With cingular/at&t, you can log into your profile online and see your usage in real time.

Another note, don't trust the iphone data counter, mine never matches the data usage on my rogers bill at all it's way under.

My average for 9months of the iphone is 240meg's a month on my rogers bills, and i'm a light user.


----------



## uPhone (Jun 29, 2008)

htdub said:


> You can't be capped on data, not sure what they told you but it's not possible.
> 
> The logging of data is not very sophisticated at all. It's not real time at all. Everyday the network logs how much data you used, a total of the data is calcuated once a month for each IMEI for billing. Call up the data dept half way thru your billing cycle and ask for a total of data usage, someone will manually count line by line your usage and give you a total, the system is that bad.
> 
> ...


Can you give us an idea of how 'light' of a user you are? 

I don't know if I would consider myself a heavy user, because I have a BlackBerry - with the not-upto-iphone-standards web browser and not very many fun applications, I dont use as much data as I probably would on the iPhone.

I know how I want to use my iPhone 3G, I just have no idea what plan that would fit into. Definately not the 400MB one but maybe the 750MB plan. 

 

This is why there should be unlimited for the first month, so that a user can gage how much data they use when they don't have to worry about going over - and from there they can decide at the end of the month which plan to go into.


----------



## htdub (Sep 11, 2007)

Light user compared to some of my other friends.

I check 3 mail accounts (Gmail, .mac and a work IMAP), probaly 40-50 emails a day, some with attachments, and i'll fwd some of the attachments, I use the map app probaly 15x a month to route directions, and to search for a local shop. I rarely use youtube on edge.

Safari, i'm on digg, facebook and google, a couple times a day, but all iphone versions.

I'll email 1 or 2 photos a day from the camera. 

Occasional installer.app install, but I usually leave app installs for wifi.

That's about it, and it's been avg 240mb. The first month I had the phone, I used 600mb.
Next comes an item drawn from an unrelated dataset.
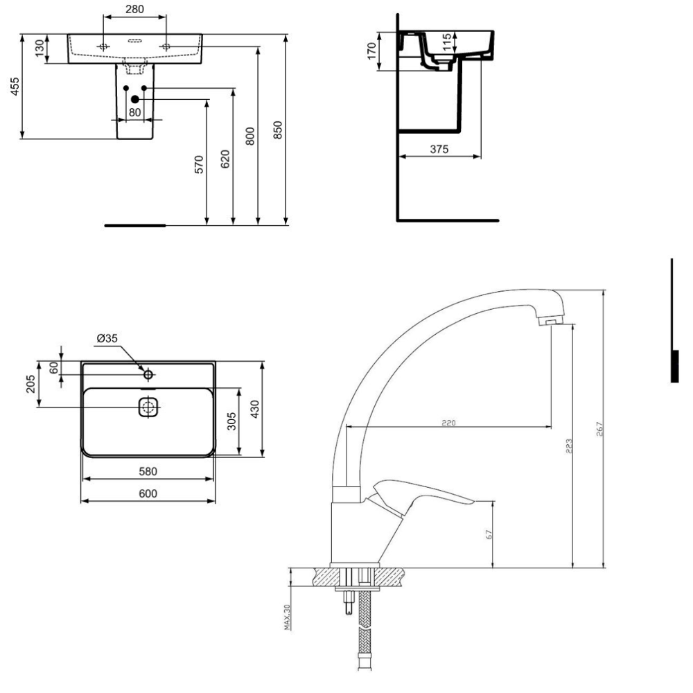 Caractéristiques du lavabo 600x430 mm 1 trou Ideal Standard Strada II + Ideal Standard S-Line Pro mitigeur avec bec pivotant, chrome (T300001SBSLPRO281) :

It would be way higher if the EDGE connection was faster and worked when you need it. Safari and mail times out alot, very fustrating. 

Comparing to other friends who are using 600-800mb a month on edge, everyone feels limited by the battery, it dampens how much time one is spending browsing. I don't have it docked all day.
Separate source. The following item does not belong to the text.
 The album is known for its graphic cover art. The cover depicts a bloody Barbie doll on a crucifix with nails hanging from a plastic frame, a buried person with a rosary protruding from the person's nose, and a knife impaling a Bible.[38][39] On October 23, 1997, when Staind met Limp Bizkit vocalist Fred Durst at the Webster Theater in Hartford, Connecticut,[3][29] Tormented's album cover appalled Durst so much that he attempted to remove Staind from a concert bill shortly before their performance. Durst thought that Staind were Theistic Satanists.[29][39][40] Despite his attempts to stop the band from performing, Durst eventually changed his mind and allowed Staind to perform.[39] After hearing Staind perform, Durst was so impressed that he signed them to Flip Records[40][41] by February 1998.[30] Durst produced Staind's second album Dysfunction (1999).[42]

I have a good voiceplan now, and I have the $65mb 1gig data plan addon, i'll probaly keep the same plan july 11th.


----------



## MacGYVER (Apr 15, 2005)

htdub said:


> Light user compared to some of my other friends.
> 
> I check 3 mail accounts (Gmail, .mac and a work IMAP), probaly 40-50 emails a day, some with attachments, and i'll fwd some of the attachments, I use the map app probaly 15x a month to route directions, and to search for a local shop. I rarely use youtube on edge.
> 
> ...


WAIT WAIT WAIT A MINUTE!!! Are you confirming with what I have predicted in some of my responses with the above? OMG!! Finally someone with some REAL WORLD usage of the iPhone.

You state that your data usage would be way higher if EDGE were faster? Well when 3G hits us, you will see that no problem. You also say you were averaging 240MB of data on EDGE. Your FIRST MONTHS data usage was 600MB?? Impressive! But you then say if EDGE was faster that your data usage would have been a lot higher, hence it would have easily gone over 400MB which Rogers is capping for the base package rate. Thank you, for stating the obvious for what I have said earlier in other threads. When you give people faster service they will use MORE OF IT! Your friends use 600MB -800MB per month on EDGE? That sounds about right for those who will be on 3G. That's why it is important for Rogers to start at 1GB or go Unlimited.
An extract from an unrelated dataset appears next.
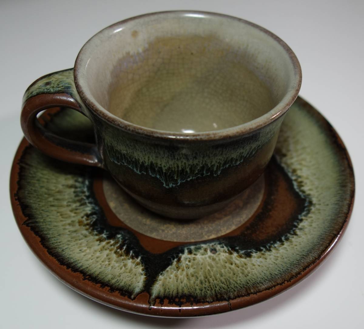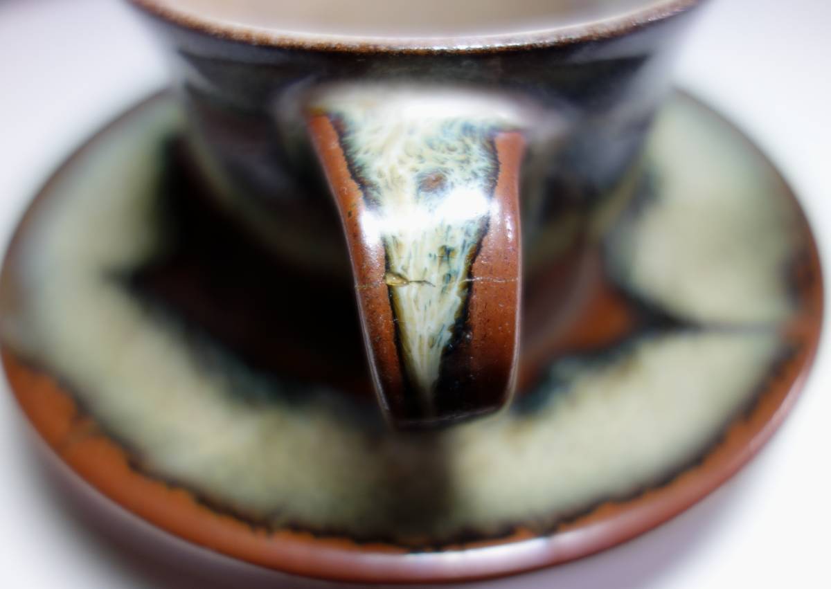 昭和民芸運動期 海鼠 コーヒーカップ&ソーサー 金継教室用サンプル 希少手

I now see a law suit against Rogers for stating that most users will not reach 400MB of data usage so we won't offer anything higher to start. So imagine a first time user who believes this, then goes wayyyyyyyyyyy over the 400MB usage before Rogers can even send out the message, they would have to pay Rogers for the over usage right? Not really as Rogers told them they would never reach that point according to their research. Hmmmmmm...... therefore if you were told you never would reach it, and you go hog wild using data and actually go over 400MB? Who will be paying for that? Certainly not the customer. I strongly encourage Rogers to fix some of the wording in their PR and perhaps look at the above example of how easy it is to use high amounts of data for some customers. Remember first time buyers will not know how much data they will use, and since 3G will be very fast, they will not even think twice of caring. Especially those that are not Apple users.


----------



## htdub (Sep 11, 2007)

MacGYVER said:


> WAIT WAIT WAIT A MINUTE!!! Are you confirming with what I have predicted in some of my responses with the above? OMG!! Finally someone with some REAL WORLD usage of the iPhone.
> 
> You state that your data usage would be way higher if EDGE were faster? Well when 3G hits us, you will see that no problem. You also say you were averaging 240MB of data on EDGE. Your FIRST MONTHS data usage was 600MB?? Impressive! But you then say if EDGE was faster that your data usage would have been a lot higher, hence it would have easily gone over 400MB which Rogers is capping for the base package rate. Thank you, for stating the obvious for what I have said earlier in other threads. When you give people faster service they will use MORE OF IT! Your friends use 600MB -800MB per month on EDGE? That sounds about right for those who will be on 3G. That's why it is important for Rogers to start at 1GB or go Unlimited.
> 
> I now see a law suit against Rogers for stating that most users will not reach 400MB of data usage so we won't offer anything higher to start. So imagine a first time user who believes this, then goes wayyyyyyyyyyy over the 400MB usage before Rogers can even send out the message, they would have to pay Rogers for the over usage right? Not really as Rogers told them they would never reach that point according to their research. Hmmmmmm...... therefore if you were told you never would reach it, and you go hog wild using data and actually go over 400MB? Who will be paying for that? Certainly not the customer. I strongly encourage Rogers to fix some of the wording in their PR and perhaps look at the above example of how easy it is to use high amounts of data for some customers. Remember first time buyers will not know how much data they will use, and since 3G will be very fast, they will not even think twice of caring. Especially those that are not Apple users.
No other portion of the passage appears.